A product page on Product Hunt is currently attracting attention from the AI developer community, and we're talking about a tool that addresses a pain point many didn't realize they needed to solve: how do you actually know if your voice agent is performing well in production?

Fixa.dev is built by Oliver Wendell-Braly and Luan Nguyen, who started the project in 2024. The idea is simple enough — give developers deploying AI voice agents the same monitoring tools that backend teams have had for years. Think Datadog, but for voice.

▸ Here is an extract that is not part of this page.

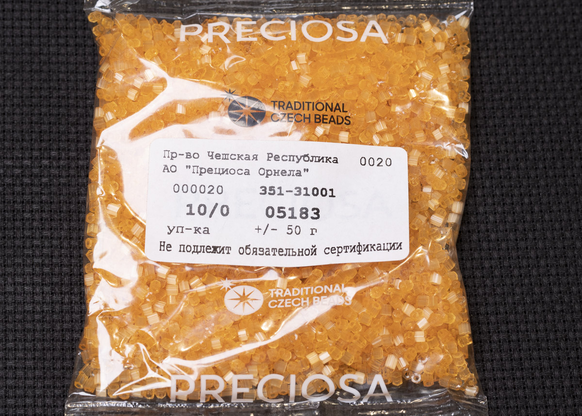 Бисер Чехия сатиновая рубка 10/0 50г 05183 оранжевый

The core of the tool lies in latency measurements that actually make sense for a voice context: Time to First Word is not something you'll find built into most LLM platforms, but it's often what your user notices first. Additionally, Fixa.dev logs interruptions — moments where the agent and user speak over each other — and allows you to define custom evaluations for whether the agent is actually responding correctly.

The Voice AI market is exploding, but the tools to actually quality-assure them have lagged far behind — until now.

What makes this interesting from a community perspective is timing. We are in the midst of a wave of voice agent deployments — everything from customer service bots to AI receptionists — but the infrastructure around QA and monitoring is still messy. Most teams use a combination of custom logging, manual listening tests, and gut feeling. Fixa.dev aims to systematize this.

The Slack integration for custom alerts is a smart move. It means you can set up notifications when latency spikes or when the agent starts behaving strangely — without anyone needing to manually monitor dashboards.

For alternative tools in this space, there are options like Respan and Vivgrid, but they are more generalized AI agent monitoring platforms. Fixa.dev is sharply focused on voice, which is either a smart niche choice or a limitation — depending on what you're building.

A heads-up is in order: this is an early signal based on community activity on Product Hunt. Fixa.dev is a young project, and we don't yet know if it possesses the enterprise robustness that large deployments require. However, if you're building voice agents and don't have a proper observability setup, this is worth checking out now — before everyone else does.